Rather than purchase expensive leased lines from a phone company, you want to use an inexpensive network medium, like the Internet, to let the two sides communicate. The problem is that you don't want to open up access to file sharing, print sharing, and other private services to the Internet. You also don't want communication between these sites to be exposed to anyone who is watching Internet traffic. One solution is to set up a virtual private network.
A virtual private network (VPN) provides a way to set up secure communications over an otherwise insecure network. With a VPN connection in place, the two sides of a connection can communicate as safely as they do on the same corporate LAN. To do this, a VPN usually offers the following features:
Authentication — Using passwords or other techniques, two ends of a communication can prove that they are who they say they are before accepting a connection. Once the connection is in place, communications can flow in both directions across it.
Encryption — By encrypting all data being sent between the two points on the public network, you can be assured that even if someone could see the packets you send, they couldn't read them. This technique is known as tunneling.
There are several ways of going about setting up VPN connections in Linux:
Internet Protocol SECurity (IPSEC) — IPSEC is a standard developed by the Internet Engineering Task Force (IETF) as the required method of encryption when the IP version 6 becomes the standard Internet protocol (right now IPV4 is the standard). There are several software packages available today for Linux that implement IPSEC over IPV4. IPSEC includes powerful encryption tools, but is a bit harder so set up in Red Hat Linux than some other methods. If you are interested in IPSEC for your VPN, check out the FreeS/WAN project (www.freeswan.org).
PPP over OpenSSH — With this method, using software that is already in Red Hat Linux, you can configure a PPP interface (as you would a regular dial-up connection) to use SSH to encrypt all data that goes across the PPP interface. While this method is not too difficult to configure, it can provide poor performance. To see how to create a PPP over OpenSSH VPN, refer to the VPN PPP-SSH HOW-TO (search www.tldp.org).
Crypto IP Encapsulation (CIPE) — Using this method, IP packets are routed across selected IP interfaces as encrypted UDP packets. CIPE is easy to set up and carries less overhead than PPP over OpenSSH, so you should get better performance. One drawback is that, because it is not a standard VPN, CIPE is not available on all platforms.
In this chapter, I describe how to set up a VPN using CIPE. For us, it's a good choice because an easy CIPE interface is included on the Red Hat Network Configuration window and it's tuned to perform well between Linux systems. There is also a CIPE-Win32 project, which is a port of CIPE for Windows NT and 2000 (http://cipe-win32.sourceforge.net).
The job of CIPE is to set up a secure link between two communications end points. Using CIPE, the link can be authenticated and the data can be encrypted.
Compared to VPN protocols such as IPSEC, CIPE is fairly easy to set up. Both sides of the link (such as computers at two branch offices) have to have public network connections (probably public Internet addresses), be running CIPE, and use the same link key. The link key, which is known only to the two link ends, is used to authenticate the connection and encrypt the data between the two sites. You can create this key during CIPE setup. Both sides of the link need that same key for CIPE to work.

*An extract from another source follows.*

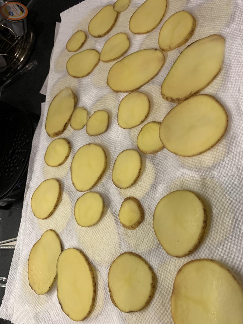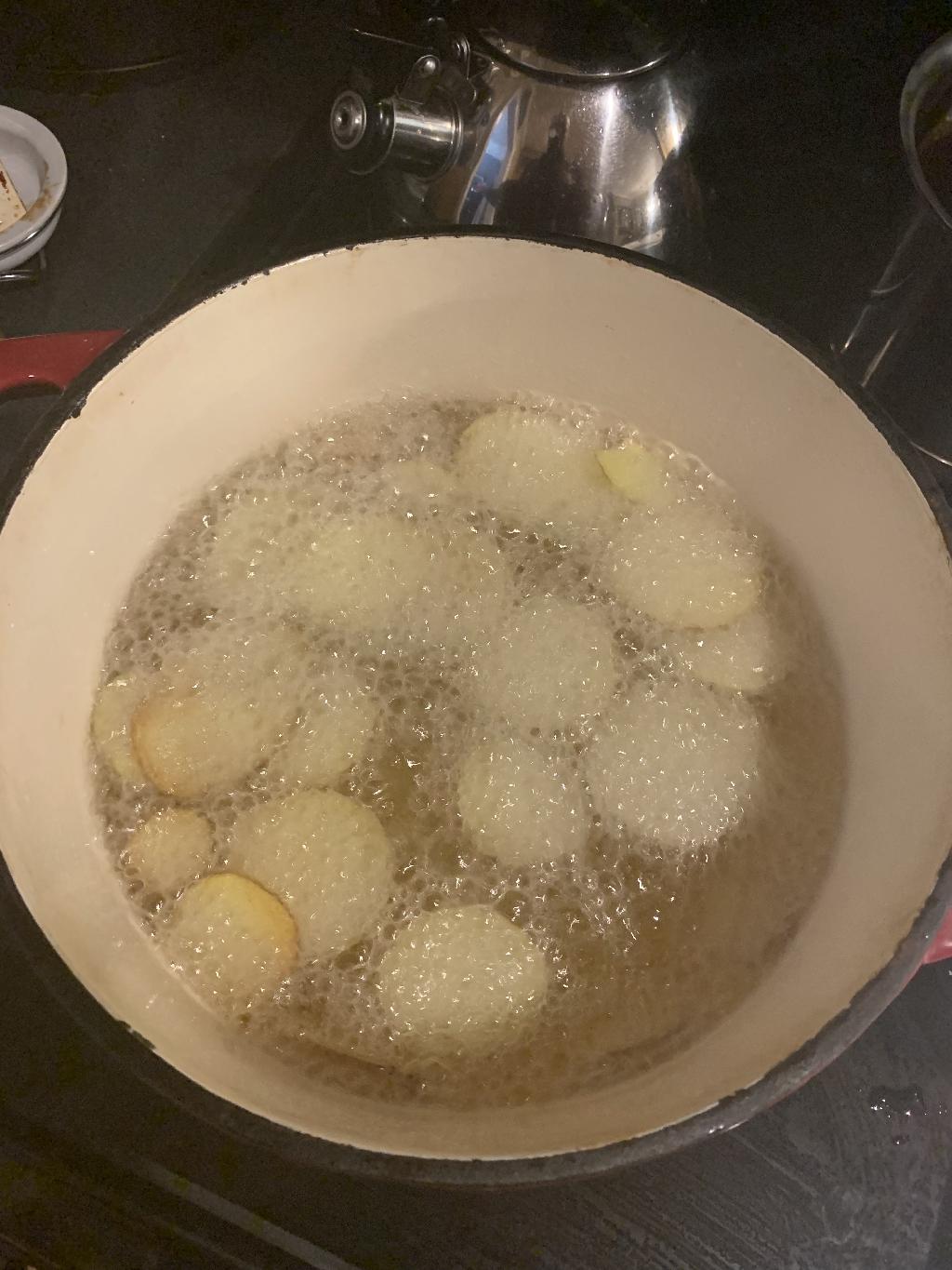 Step #5 Once dry. Add a small batch of the potato slices to hot oil. Allow to cook for 5-10 minutes, until they start to brown.

CIPE passes data between its two end points using the UDP protocol. Because CIPE is a network layer protocol, data from any application programs that communicate over that link are encrypted. This makes is safe from anyone on the public network that might be trying to intercept your communications.
When you set up a CIPE link, you identify the IP addresses and port numbers used for the communication. To allow CIPE to work properly, you need to open your firewalls to allow the ports you select to accept UDP traffic. To allow multiple CIPE connections to the same computer, you can configure separate CIPE interfaces, each using different UDP port numbers.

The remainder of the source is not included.